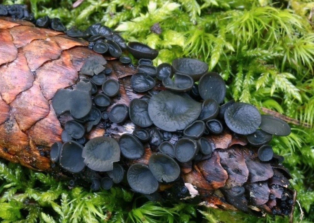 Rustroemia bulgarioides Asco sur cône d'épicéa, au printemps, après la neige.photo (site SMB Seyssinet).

######

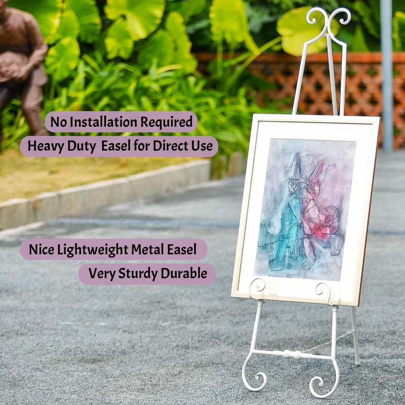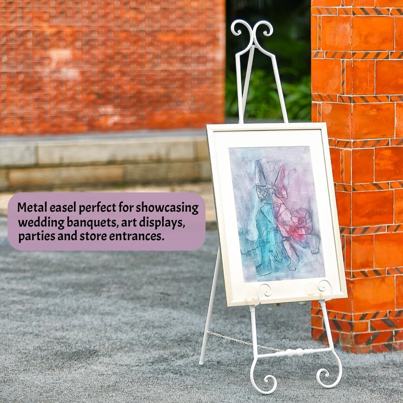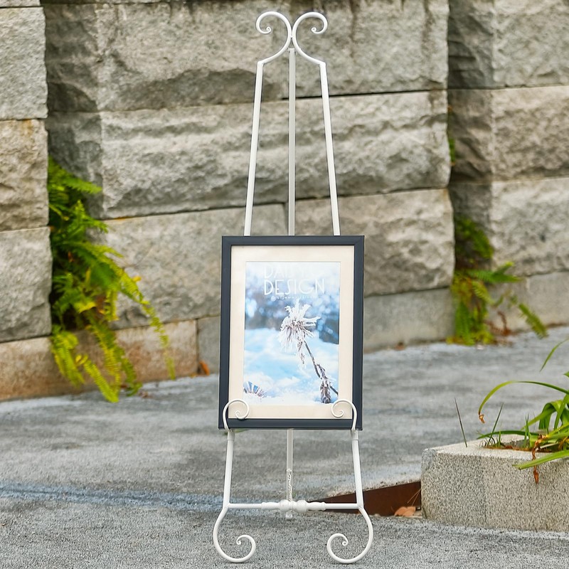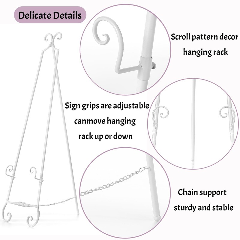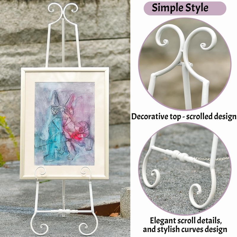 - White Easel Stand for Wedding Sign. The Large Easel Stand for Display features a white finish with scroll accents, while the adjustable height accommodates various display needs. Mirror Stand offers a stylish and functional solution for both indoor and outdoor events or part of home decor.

######

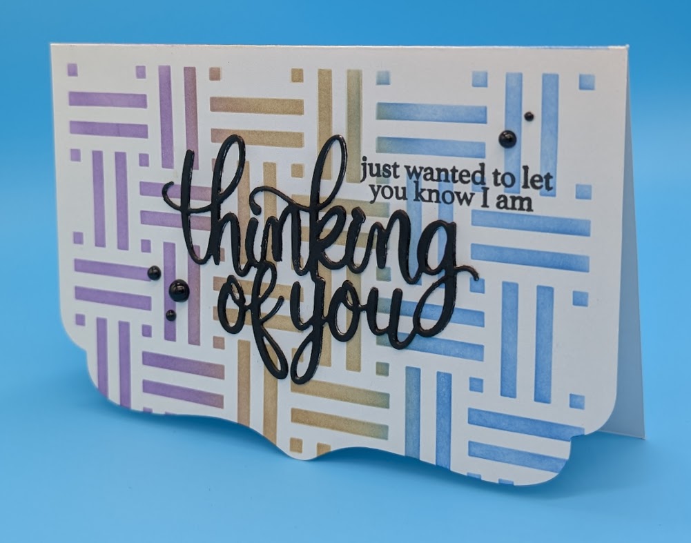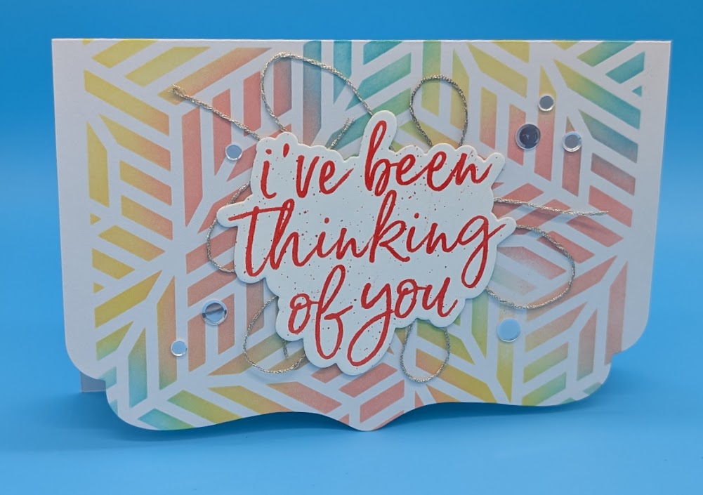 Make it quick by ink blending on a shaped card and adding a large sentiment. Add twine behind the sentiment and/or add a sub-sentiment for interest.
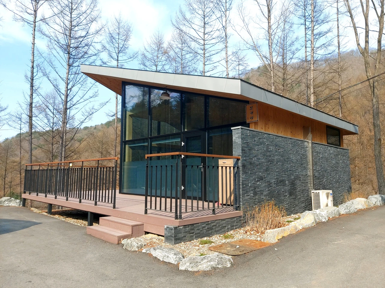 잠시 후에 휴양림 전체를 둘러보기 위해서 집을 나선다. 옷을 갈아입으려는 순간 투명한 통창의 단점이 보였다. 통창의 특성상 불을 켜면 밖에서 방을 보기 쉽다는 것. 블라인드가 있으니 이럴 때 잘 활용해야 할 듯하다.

######

#### WHAT YOU SHOULD DO
Output exactly, and only, the lines of the entries above from the one with "Make it quick" up to and including the one with "잠시 후에 휴양림 전체를"; pictures are to be left out.

#### EXERCISE OUTPUT
 Make it quick by ink blending on a shaped card and adding a large sentiment. Add twine behind the sentiment and/or add a sub-sentiment for interest.
 잠시 후에 휴양림 전체를 둘러보기 위해서 집을 나선다. 옷을 갈아입으려는 순간 투명한 통창의 단점이 보였다. 통창의 특성상 불을 켜면 밖에서 방을 보기 쉽다는 것. 블라인드가 있으니 이럴 때 잘 활용해야 할 듯하다.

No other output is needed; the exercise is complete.